Si la condition de l’absence de contestation sérieuse du droit invoqué n’est pas requise par l’article 835 alinéa 1 du code de procédure civile, pour autant, une contestation réellement sérieuse sur l’existence même du trouble et sur son caractère manifestement illicite doit conduire le juge des référés à refuser de prescrire la mesure sollicitée.
Il est établi que le caractère exclusif et absolu du droit de propriété rend légitime tout propriétaire à s’opposer à ce que quiconque empîète sur son fond. Toutefois, l’empiètement n’est pas défini par les textes et s’entend de manière générale du fait pour un voisin de déborder sur le fond contigu au sien.

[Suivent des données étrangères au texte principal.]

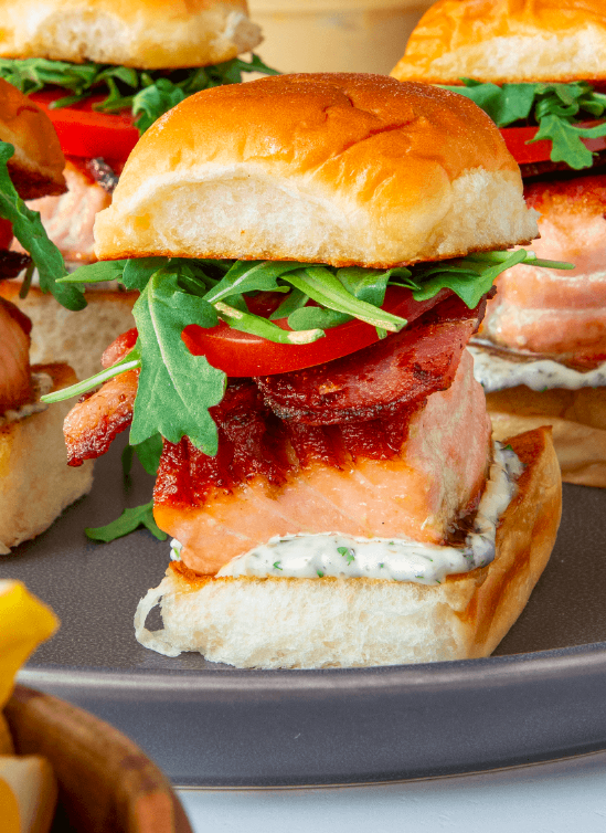Ármalos poniendo mayonesa de alcaparras sobre la base de Rolls, agrega el salmón, el tocino, el tomate y la rúcula. Servir con gajos de limón y ensalada.

Il s’agit d’une emprise matérielle sur la propriété d’aurtui.
L’appréciation d’un empiètement relève du pouvoir souverain du juge.
En l’espèce, un procès-verbal de bornage et de reconnaissance de limites de la propriété sise [Adresse 20] cadastrée AK n°[Cadastre 5] et [Cadastre 6], contigue aux parcelles cadastrées AK [Cadastre 3] et [Cadastre 4] ([Adresse 19]), [Cadastre 7] ([Adresse 14]), [Cadastre 8] ([Adresse 15]), [Cadastre 9] ([Adresse 16]) et [Cadastre 10] ([Adresse 2]), a été dressé le 7 mai 2018 par la société FONCIER EXPERTS, géomètres-expert, à l’issue d’un débat contradictoire et de l’analyse des titres de propriétés communiqués, du plan des lieux établi par FONCIER EXPERTS, du plan cadastral, des signes de possession constatés et des usages locaux.
Un nouveau procès-verbal de rétablissement de limites de propriété sise [Adresse 19] (cadastrée AK n°[Cadastre 11]) est établi le 8 novembre 2023 par la société FONCIER EXPERTS, à la demande des époux [W], propriété contigue avec la propriété cadastrée AK n°[Cadastre 12] ([Adresse 20]), appartenant désormais à la SCI 3R.
Le 12 mai 2025, un troisième procès-verbal de rétablissement de limites de propriété cadastrée AK [Cadastre 12] et [Cadastre 13] sise [Adresse 20], a été établi par la société GEOFIT, géomètre-expert, à la demande de M. [P] [R], gérant de la SCI 3R.
Un procès-verbal de constat de Commissaire de justice a été par ailleurs dressé le 18 avril 2024, à la demande des époux [W], dont il résulte que le long de l’allée menant à la maison de ces derniers, une clôture est présente, matérialisant la limite de propriété avec le fond voisin ; la clôture est maintenue sur une semelle en béton.
Toutefois, il ne ressort pas de ces trois procès-verbaux, dont les termes et constats techniques requièrent une connaissance approndie, ni du constat de Commissaire de justice, que la clôture et le muret litigieux installés par la SCI 3 R en limite séparative de sa propriété, empiètent de manière évidente sur celle des époux [W]. Le trouble manifestement illicite n’est ainsi pas caractérisé.
Il convient de rejeter la présente demande.
Sur les frais irrépétibles et les dépens
Il y a lieu de condamner les demandeurs, partie succombante, à payer aux défendeurs la somme de 2000 euros au titre de l’article 700 du code de procédure civile.
Les demandeurs seront condamnés aux dépens.
PAR CES MOTIFS
Nous, Gaële FRANCOIS-HARY, Première Vice-Présidente au Tribunal judiciaire de Versailles, statuant par ordonnance mise à disposition au greffe, contradictoire et en premier ressort :
Rejetons la demande de mise hors de cause de Monsieur [S] [P] [R],
Rejetons la demande de suppression de la clôture et du muret,
Condamnons M. [K] [W] et Mme [L] [X] à payer à la SCI 3 R et à M. [S] [P] [R] la somme de 2000 euros au titre de l’article 700 du code de procédure civile,
Condamnons M. [K] [W] et Mme [L] [X] aux dépens.
Prononcé par mise à disposition au greffe le SEIZE SEPTEMBRE DEUX MIL VINGT CINQ par Gaële FRANÇOIS-HARY, Première Vice-Présidente, assistée de Wallis REBY, Greffière, lesquelles ont signé la minute de la présente décision.